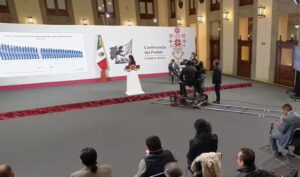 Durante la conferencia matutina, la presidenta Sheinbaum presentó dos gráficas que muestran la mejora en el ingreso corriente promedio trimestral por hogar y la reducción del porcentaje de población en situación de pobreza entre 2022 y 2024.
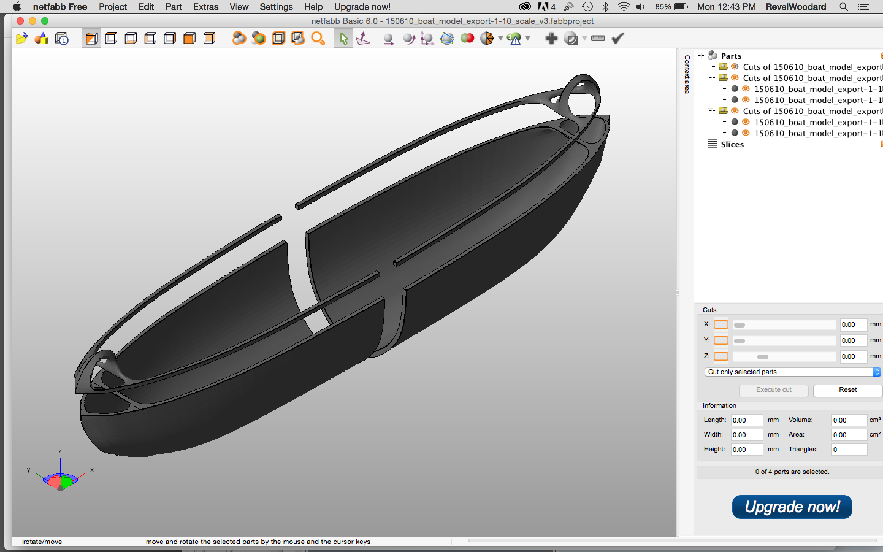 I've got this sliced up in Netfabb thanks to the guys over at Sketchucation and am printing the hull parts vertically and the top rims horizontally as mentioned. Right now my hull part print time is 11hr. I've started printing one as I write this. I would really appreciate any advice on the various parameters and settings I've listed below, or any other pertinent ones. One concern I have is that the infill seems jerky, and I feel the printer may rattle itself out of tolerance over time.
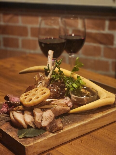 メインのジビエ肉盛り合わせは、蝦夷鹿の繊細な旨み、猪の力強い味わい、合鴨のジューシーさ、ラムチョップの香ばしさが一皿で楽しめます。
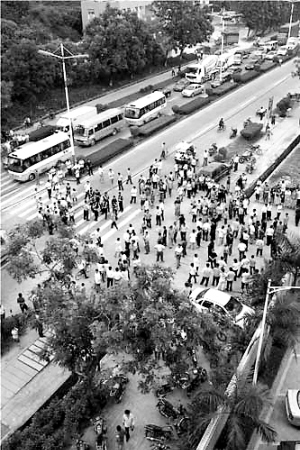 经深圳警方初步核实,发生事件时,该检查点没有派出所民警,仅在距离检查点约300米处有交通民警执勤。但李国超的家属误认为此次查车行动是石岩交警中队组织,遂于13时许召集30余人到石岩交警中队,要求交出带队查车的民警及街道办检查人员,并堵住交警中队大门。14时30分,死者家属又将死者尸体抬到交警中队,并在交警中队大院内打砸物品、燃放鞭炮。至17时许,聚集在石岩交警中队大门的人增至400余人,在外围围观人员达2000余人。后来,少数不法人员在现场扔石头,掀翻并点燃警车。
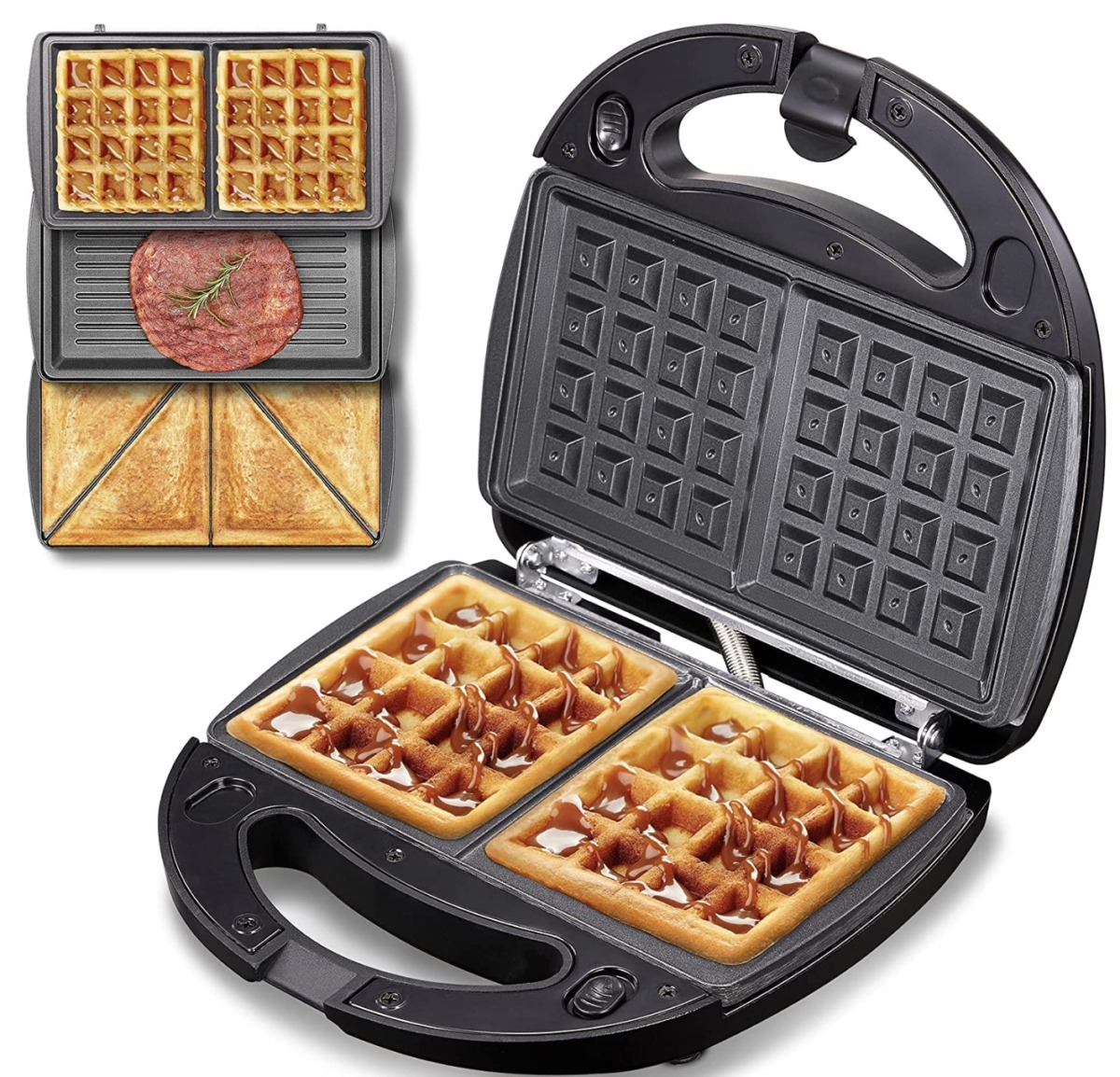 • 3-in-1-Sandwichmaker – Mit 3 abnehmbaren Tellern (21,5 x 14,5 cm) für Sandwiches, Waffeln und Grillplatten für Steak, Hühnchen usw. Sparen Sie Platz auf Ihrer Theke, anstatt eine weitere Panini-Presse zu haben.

--

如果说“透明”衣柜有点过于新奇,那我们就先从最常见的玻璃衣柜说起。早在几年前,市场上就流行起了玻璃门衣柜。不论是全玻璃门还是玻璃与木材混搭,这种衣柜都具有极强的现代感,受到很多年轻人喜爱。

...

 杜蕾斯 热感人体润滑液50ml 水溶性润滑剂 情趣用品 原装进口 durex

◆ Problem statement
Give back exactly, and solely, the section of the data above bounded by the line containing "Durante la conferencia" and the line containing "メインのジビエ肉盛り合わせは", both bounding lines included and pictures omitted.

◆ The answer
 Durante la conferencia matutina, la presidenta Sheinbaum presentó dos gráficas que muestran la mejora en el ingreso corriente promedio trimestral por hogar y la reducción del porcentaje de población en situación de pobreza entre 2022 y 2024.
 I've got this sliced up in Netfabb thanks to the guys over at Sketchucation and am printing the hull parts vertically and the top rims horizontally as mentioned. Right now my hull part print time is 11hr. I've started printing one as I write this. I would really appreciate any advice on the various parameters and settings I've listed below, or any other pertinent ones. One concern I have is that the infill seems jerky, and I feel the printer may rattle itself out of tolerance over time.
 メインのジビエ肉盛り合わせは、蝦夷鹿の繊細な旨み、猪の力強い味わい、合鴨のジューシーさ、ラムチョップの香ばしさが一皿で楽しめます。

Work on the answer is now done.